Giuseppe Ricciotti afirma que «la Biblia pone, como fundamento de toda la historia del pueblo de Israel, un hecho esencialmente místico: la vocación de Abraham». A este respecto el Génesis narra la relación especial que Yahvé estableció con un hombre llamado Abrán, o Abram según otras grafías. Seguros de su existencia muchos y dudosos otros, Abrán aparece en la Biblia como el primer patriarca del pueblo hebreo. Carecemos de datos que permitan fechar con exactitud su vida y la de sus descendientes, y hay quien piensa que no tiene sentido seguir intentándolo. Ciertas referencias hacen pensar que Abrán pudo haber nacido hacia el siglo XIX a.C. en Mesopotamia, quizá en Ur, que era de origen amorreo y jefe de un clan seminómada de pastores. Sólo el Génesis relata que estando Abrán en Jarán, ciudad septentrional de Mesopotamia, Dios le pidió salir de su tierra. Además le prometió acabar con su vida de emigrante y darle la descendencia que, pese a su ancianidad, aún no había llegado:
«Yahvé dijo a Abrán: “Vete de tu tierra, de tu patria y de la casa de tu padre a la tierra que yo te mostraré. De ti haré una nación grande y te bendeciré. Engrandeceré tu nombre; y sé tú una bendición. Bendeciré a quienes te bendigan y maldeciré a quienes te maldigan. Por ti se bendecirán todos los linajes de la tierra”.

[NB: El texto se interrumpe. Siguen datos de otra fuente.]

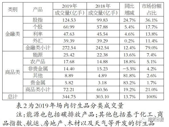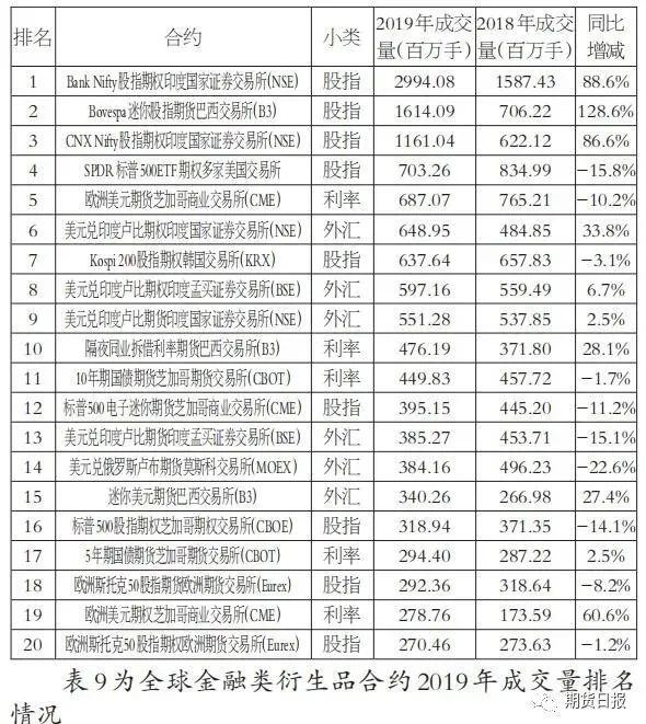 2019年,成交手数排名全球前3位的金融类衍生品合约均为股指类,依次为印度国家证券交易所的Bank Nifty股指期权、巴西交易所的Bovespa迷你股指期货和印度国家证券交易所的CNXNifty股指期权。排名前20的金融类衍生品中,10个为期权,10个为期货。从具体分类来看,9个为股指类,6个为外汇类,5个为利率类。(作者单位:大连商品交易所)
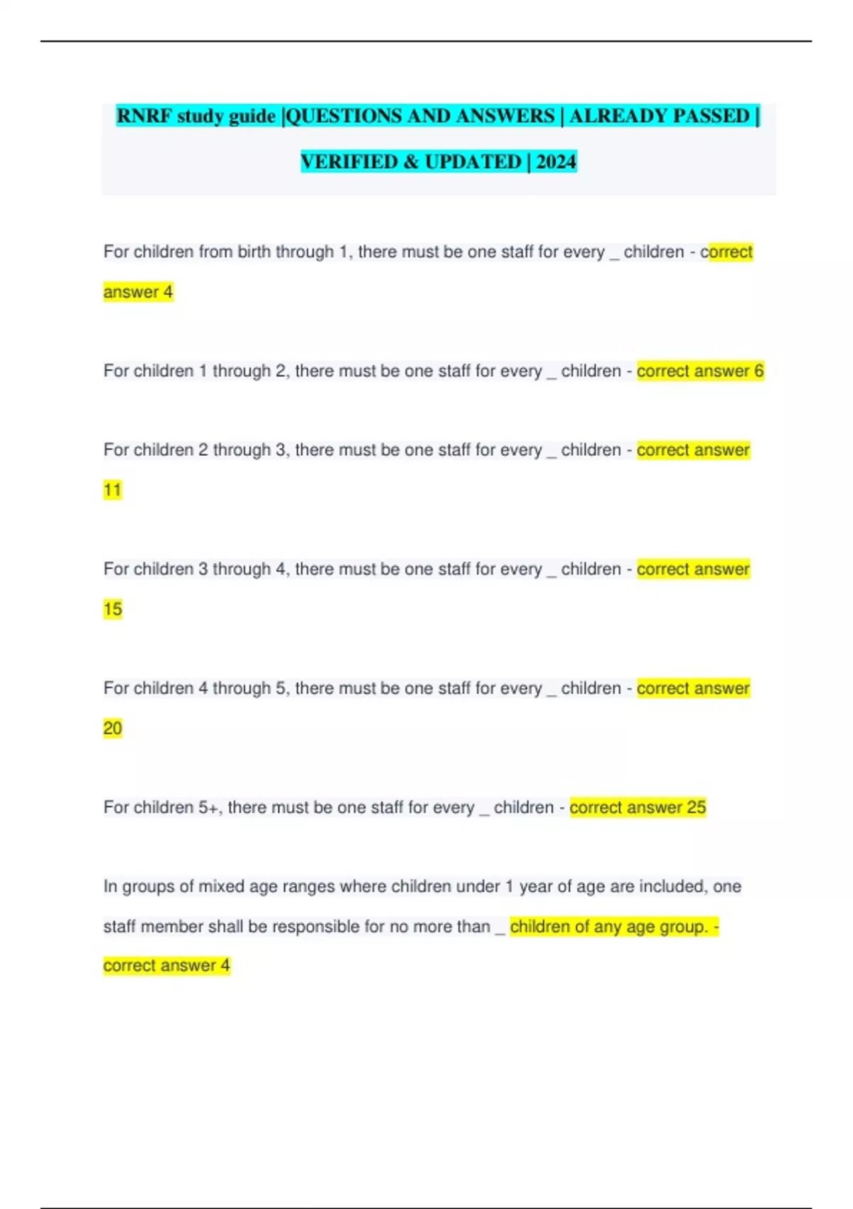RNRF study guide |QUESTIONS AND ANSWERS | ALREADY PASSED | VERIFIED & UPDATED | 2024 For children from birth through 1, there must be one staff for every _ children - correct answer 4 For children 1 through 2, there must be one staff for every _ children - correct answer 6 For children 2 through 3, there must be one staff for every _ children - correct answer 11 For children 3 through 4, there must be one staff for every _ children - correct answer 15 For children 4 through 5, there must be one staff for every _ children - correct answer 20 For children 5+, there must be one staff for every _ children - correct answer 25 In groups of mixed age ranges where children under 1 year of age are included, one staff member shall be responsible for no more than _ children of any age group. - correct answer 4
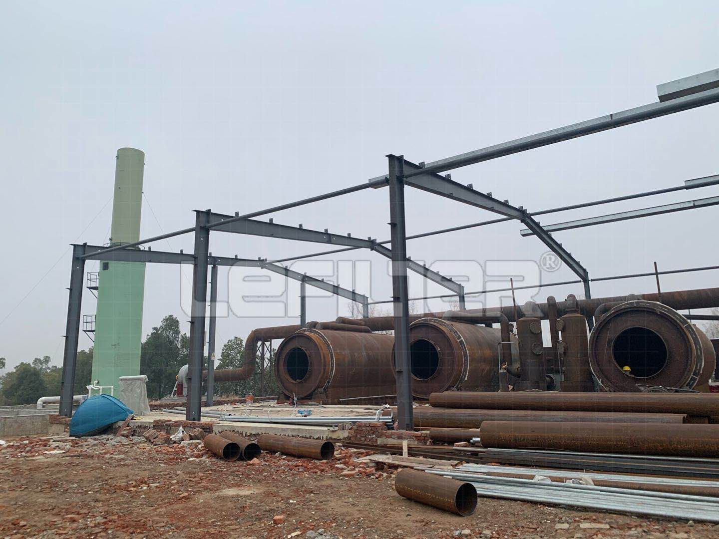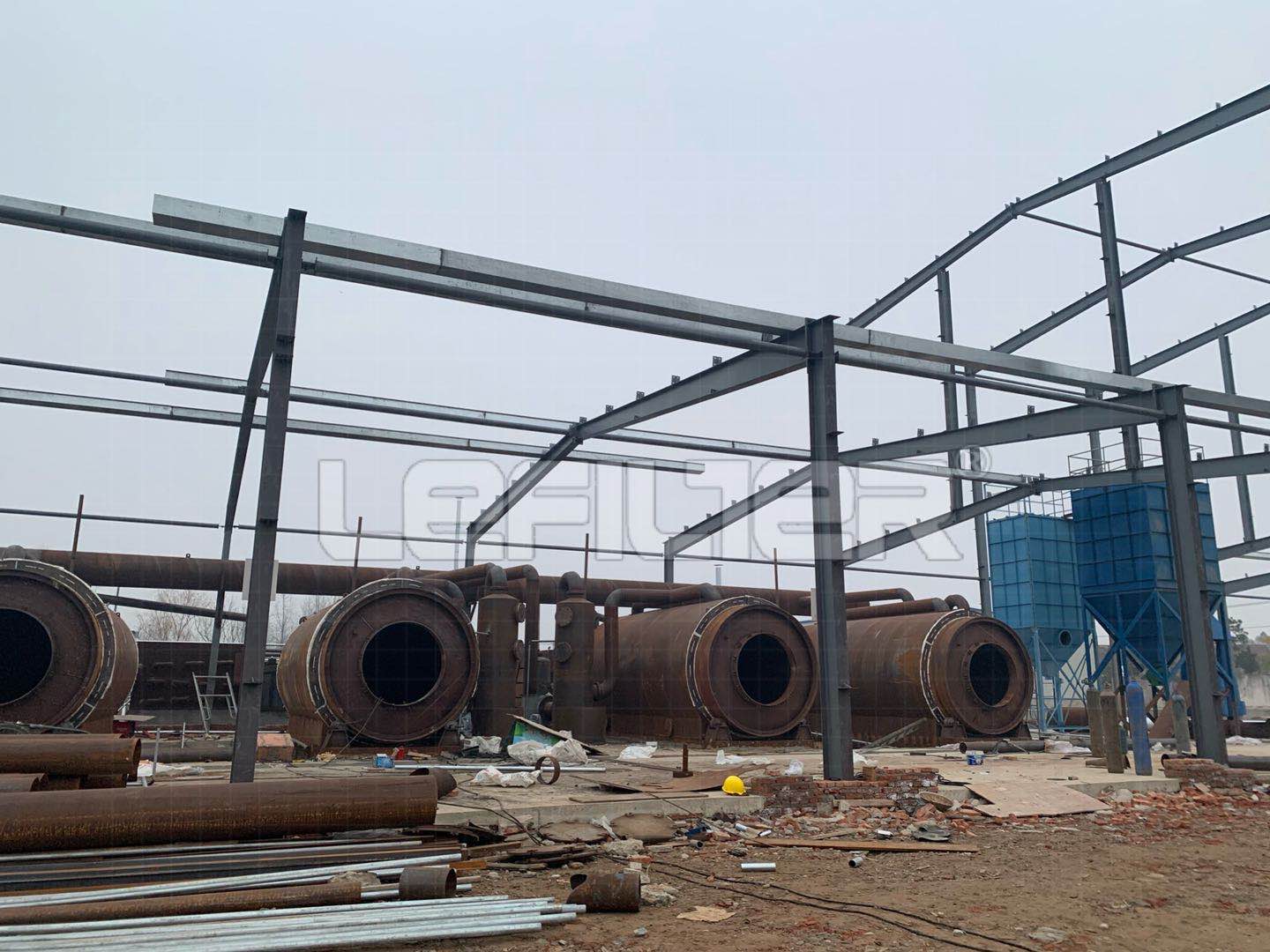 安徽六安 客户 年处理量10万吨的废轮胎炼油项目一期六套设备,在利菲尔特工程师的指导下,安装调试完成,接下来开启废旧轮胎变废为宝,保护环境做出贡献。 本客户现场设计了最新的真空负压炭黑收集系统,解决现场炭黑粉尘污染的问题。 集中烟气脱硫除尘系统
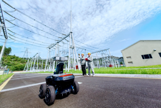國網湖北電力員工運用智能巡檢機器人在十堰市茅箭區(qū)220千伏龍虎溝變電站進行設備巡視。
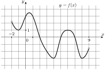 На рисунке изображен график функции y = f(x), определенной на интервале (−5; 5). Найдите количество точек, в которых касательная к графику функции параллельна прямой y = 6 или совпадает с ней.
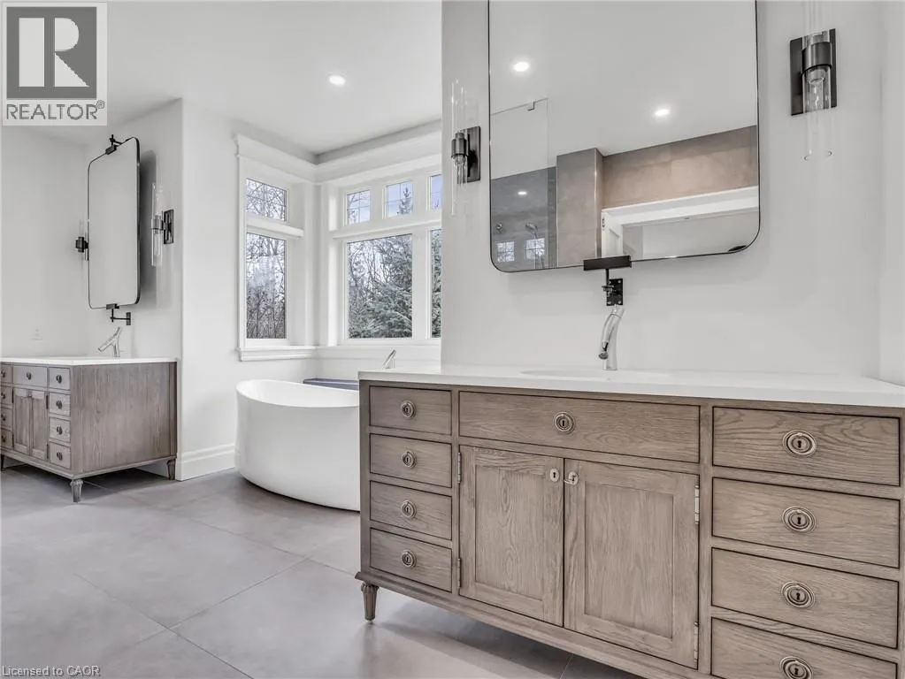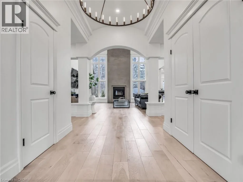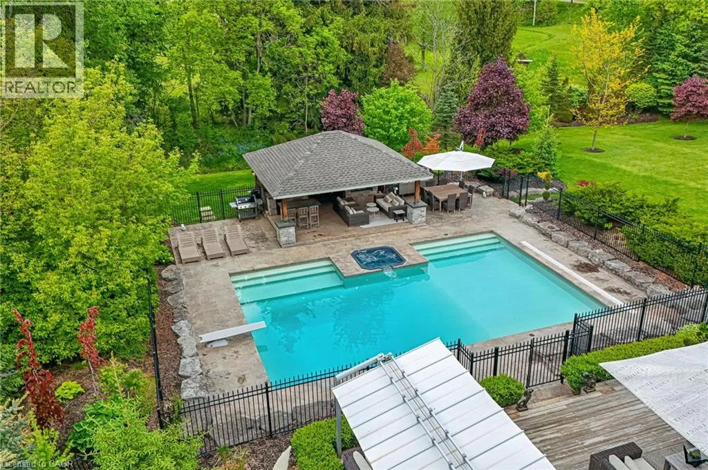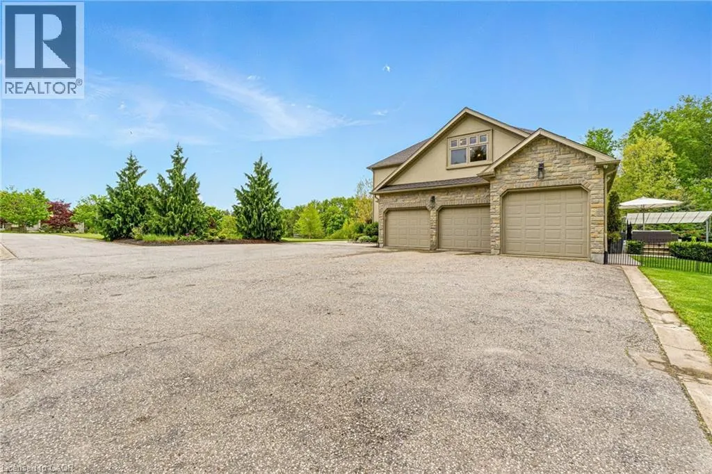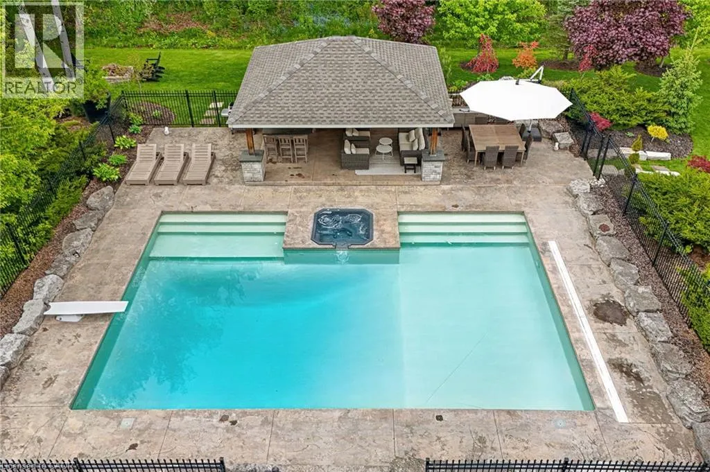 Notre Dame to Reinhart Place This is your Dynasty! Nestled on one of the most prestigious streets in Petersburg, this grand home sits on a 1.33-acre lot, showcasing craftsmanship and quality. Featuring 4 bedrooms, 5 baths, and triple-car garage. Step through the custom oversized wood front door or auxiliary entrance and experience clean, timeless décor. A two-story living room with coffered ceilings and a floor-to-ceiling fireplace sets the stage. A custom kitchen, with waterfall island, built-in Thermador appliances, and separate servery, alongside main-floor laundry, office, and a luxurious primary suite with walk-in closet and spa-like ensuite, including a two-person glass shower, soaker tub, heated floors, and high-end fixtures. Upstairs hosts 3 spacious bedrooms and 2 renovated bathrooms. The finished basement offers polished concrete floors, a central bar, wine cellar, games room, and updated bath. Professionally landscaped grounds feature trees, shrubs, rock, and lighting. The backyard is a paradise, with a heated 20x40 pool, built-in spa, pool house cabana with washroom, changeroom, dining area, and lounge with gas fireplace. A multi-level deck includes a hot tub, natural gas hookups for a fire table and BBQ. Adjacent greenspace offers potential for an outdoor rink, sports court, or workshop. This architectural masterpiece embodies luxury and convenience at every turn. With high-end finishes, state-of-the-art appliances, and thoughtfully designed spaces, it is the epitome of comfort and elegance; an unrivaled retreat. (id:27476)

«Marchó, pues, Abrán, como se lo había dicho Yahvé, y con él marchó Lot. Tenía Abrán setenta y cinco años cuando salió de Jarán. Tomó Abrán a Saray, su mujer, y a Lot, hijo de su hermano, con toda la hacienda que habían logrado y el personal que habían adquirido en Jarán, y salieron para dirigirse a Canaán.
«Llegaron a Canaán, y Abrán atravesó el país hasta el lugar sagrado de Siquén, hasta la encina de Moré. Por entonces estaban los cananeos en el país. Yahvé se apareció a Abrán y le dijo: “A tu descendencia he de dar esta tierra.” Entonces él edificó allí un altar a Yahvé que se le había aparecido. De allí pasó a la montaña, al oriente de Betel, y desplegó su tienda, entre Betel al occidente y Ay al oriente. Allí edificó un altar a Yahvé e invocó su nombre. Luego Abrán fue desplazándose por acampadas hacia el Negueb.» (Gn. 12, 1-9)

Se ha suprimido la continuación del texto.